Ironically, five years into the global populist economic experiment, the first wave of pushback is starting around the impact of such policies. The U.S.-Chinese trade conflict caused noticeable economic losses in both economies to the point where each side has, at least for now, chosen to cease deleterious tariff increases, take a step back and reduce rhetorical hostilities, and avoid what was clearly shaping up as a potential shock to both economies. This is not exactly the stuff of successful policy upon which the rollback of trade and financial agreements or the end of the World Trade Organization should be based.

Of course, the move of both the United States and U.K. to seek a free trade treaty based on the free flow of financial services and almost surely the digital integration of the two modern economies in coming months will put to the test those who wish to close off economies to trade, finance and the movement of ideas and individuals. 

Digital is global

A misconception within the current wave of economic populism is that one can redirect incentives away from global economic activity. During the two-year U.S.- China trade conflict, many individual purchasers simply circumvented the trade barriers. Despite the large uncertainty tax imposed on the two economies due to the trade war, peer-to-peer and business-to-business commerce via the internet didn’t suffer the damage that traditional manufacturing companies absorbed.

The ability of regulators to contain fungible technologies in the areas of electric vehicles, biotechnology and artificial intelligence has passed. These technologies are mutable, transferable and subject to the law of digital economies. Ideas and digital innovation are not the same as technologies to produce autos. Artificial intelligencebased trade platforms such as Amazon, Alibaba, Baidu or eBay will simply outpace the capacity of regulators to keep up. Once something is digitized and its underlying information technology is available, law of pricing tends toward that which implies the cost of access, replication and distribution tends to fall toward zero.
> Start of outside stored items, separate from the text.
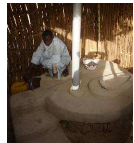
La latrine sèche en matériaux locaux sauf la dalle et le tuyau de ventilation.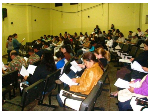
Oficina de consulta pública em Nova Andradina/MS (apresentação do texto e trabalho em grupo).

Terminado o projeto itinerante, foram realizadas oficinas em mais quatro municípios da Bacia do Rio Paraná (Amambaí, Nova Alvorada do Sul, Nova Andradina e Três Lagoas), de acordo com as atividades do IMASUL e em parcerias com outras instituições, com a visita a 173 instituições e a participação de 155 pessoas.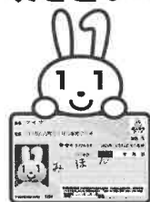
マイナンバー PR キャラクター マイナちゃん

長門市では マイナンバーカードの 出張申請受付を行っています。 お気軽にご相談下さい。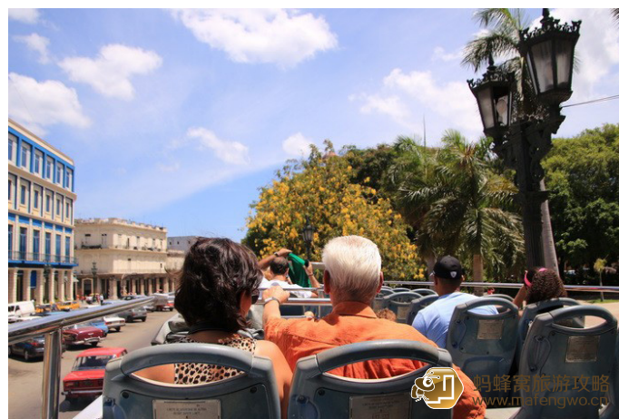
爱旅游的逸爷 双层观光车

详情请见网址: http://www.particuba.net/villes/la_habana/images/_habbustour/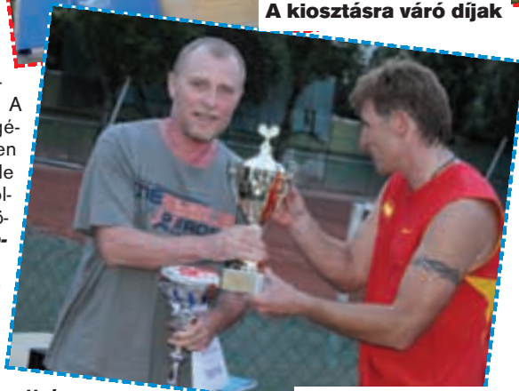
Az egyéni győztes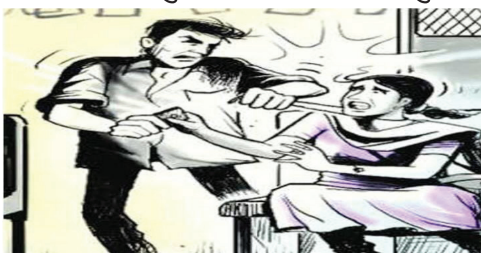
બીજી ઘટનામાં સરપંચને બળાટકારમાં ફીટ કરી દેવાની ધમકી : કંટાળીને પી ગયા ઝેરી દવા!

The evolution of artificial intelligence and its impact on trade and finance will almost surely become an impediment to trade protectionism. Productivity improvements, an acceleration toward trade in services and the rapid tapping of intellectual capacity and new ideas to drive global trade and finance are sure to envelop early 20th century policy choices in the near-term.

In fact, one might make the case that the entire global movement toward trade protectionism and limiting the flow of people, ideas and capital rests on an unsteady foundation that is not prepared to face the quickly evolving logic of digital economics. The idea of a durable decoupling of the internet often causes one to think of a different time when countries created such things as a “Maginot Line.” Digital Maginot Lines are not tenable and are based on an erroneous analysis of the direction of the global economy. Over time, that logic will overwhelm the recidivism around which trade protectionism is based. Beware those fighting the lost ancient wars; they will be overwhelmed by a digital logic that can foresee alternative arrangements that facilitate new avenues of growth, finance and opportunity.